Taking in the content at once while looking at every fifth or sixth word will reduce subvocalizing. It will take practice, however, as with everything else. Start with something trivial, like a textbook.
4. Stop rereading
Reading was very time-consuming for me because I constantly had to go back to read sentences or paragraphs that I had either missed reading or needed to reread for better understanding. In my mind, if I couldn’t grasp or comprehend every word in a novel or text, the whole thing wouldn’t make sense.
Eventually, I realized that reading the passage a second time didn’t actually help me understand it any more. After making sense of confusion in context, I enjoyed the book more or they weren’t necessary for me to enjoy it.
It’s been reported that “untrained subjects engage in regression (conscious rereading) and back-skipping (subconscious rereading through misplaced fixation) for on average 30% of total reading time.” That’s a lot. If you let go of trying to comprehend everything you hear or see, you’ll save time not having to re-visit places you’ve already seen.
5. Access More
Learning to read takes time, as with all worthwhile pursuits. Over time, your skills will improve. Before, I thought setting reading goals every day or every year was foolish. There is no need to force yourself to read. In fact, I find that setting goals motivates me to carve out more reading time. As a result, I read more books faster.
Of course, you should always read at your own pace to make the most of a book. Having the ability to read 1800 words a minute might sound great, but I don’t want to be a John Travolta like in Phenomenon.

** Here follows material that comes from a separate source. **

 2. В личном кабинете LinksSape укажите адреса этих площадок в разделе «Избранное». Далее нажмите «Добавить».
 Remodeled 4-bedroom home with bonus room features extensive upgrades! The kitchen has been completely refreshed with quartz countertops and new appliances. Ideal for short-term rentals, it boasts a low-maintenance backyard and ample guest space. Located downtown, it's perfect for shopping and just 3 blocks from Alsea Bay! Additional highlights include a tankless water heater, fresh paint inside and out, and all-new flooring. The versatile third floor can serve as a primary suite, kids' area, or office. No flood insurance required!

Who cares if you spend hours on a truly great story? Literature should be enjoyed. As long as there are books in the world, there is only so much time in the day. Rather than rushing through a lot of books you don’t want to read, it’s better to fully enjoy the ones you want to read.

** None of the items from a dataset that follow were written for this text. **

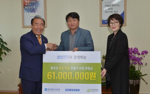 »ï¼ºÀüÀÚ ±¤ÁÖ»çȸ°øÇå¼¾ÅÍ´Â À̳¯ Àü´Þ½Ä¿¡¼ û¼Ò³âÀ» À§ÇÑ ÈÄ¿ø±Ý 6100¸¸ ¿øÀ» ±¤Áֽñ³À°Ã»°ú ±Â³×À̹ö½º¿¡ Àü´ÞÇß´Ù.
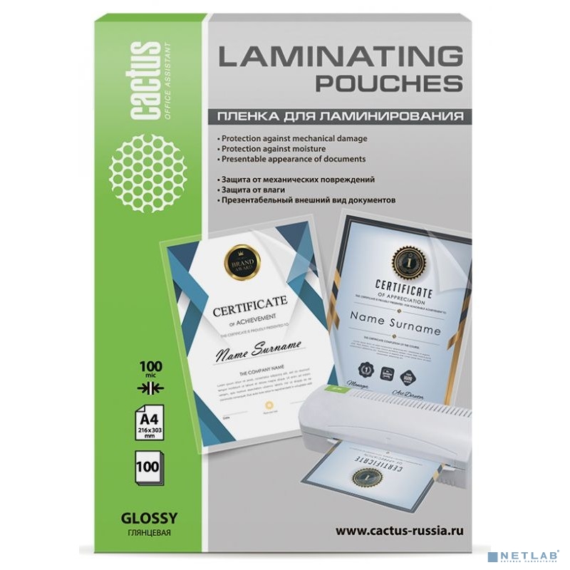 Cactus Пленка для ламинирования 100мкм A4 (100шт) глянцевая 216 x 303мм (CS-LPGA4100100)
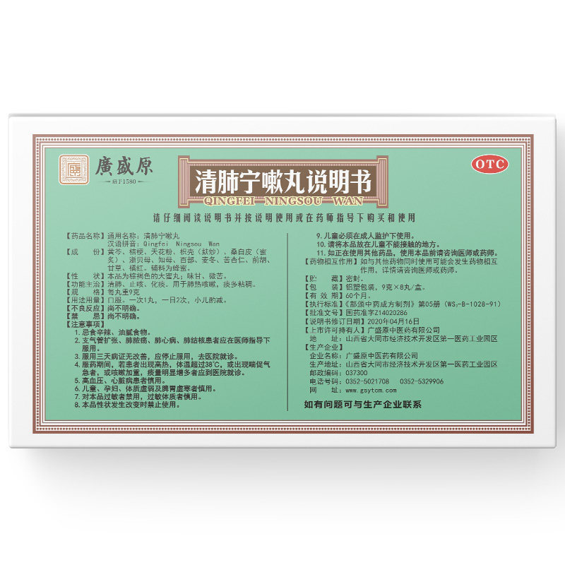 广盛原 Qingfei ning ning coush таблетки 9g*8 таблетки Akashi Medicine Lunge Konh, мокрота, прозрачный кашель, кашель, кашель, холодная, холодная пневмония

Focus on keywords instead of reading every word.
The meaning of the sentence can be understood without reading the entire sentence. The information you need is stored in keywords longer than three letters. Try indenting instead of writing ‘The rabbit nibbled on his carrot.’ It is a popular method for improving your peripheral vision. A quarter-inch from the beginning and end of the sentence, look towards the middle of the sentence.
As a beginner, this might seem unnatural, so draw some pencil guides down the page as stabilizers. When your gaze is focused on the middle chunk of words in the sentence, the whole phrase will begin to absorb your gaze. Please stop subvocalizing. Subvocalizing refers to accidentally speaking aloud and mumbling the words as you read. You have to slow down your reading because your mind moves faster than your words. Subvocalizing can be overcome by chewing gum or humming along with your reading.
You will be pushed on by the rhythm of these actions and fail to form every word into a sound. Guide yourself with your finger. Your gaze will be drawn to your finger because we are naturally drawn to movement. Zig-zag your finger as fast as you can. In addition to reading faster, you’ll stop subvocalizing every word.
Do the white card trick and see what happens. Some schools teach students to place a white card beneath the line they are reading. When children need to review new vocabulary, this method is helpful. You are effectively slowing yourself down by hiding the sentences that will follow. Reading should not be a double-checking process for competent adult readers. Using the white card, cover the sentences you just read by placing it over the line you are reading.
As a result, you eliminate regression and gain confidence, pushing you forward on the page. Focus is essential to speed. It’s easy to chat, daydream, or send a text message while you’re walking. You’re splitting your attention with these extra actions. But when you run, you have to keep your focus on the task at hand. As with running, going faster increases your focus and makes you more confident.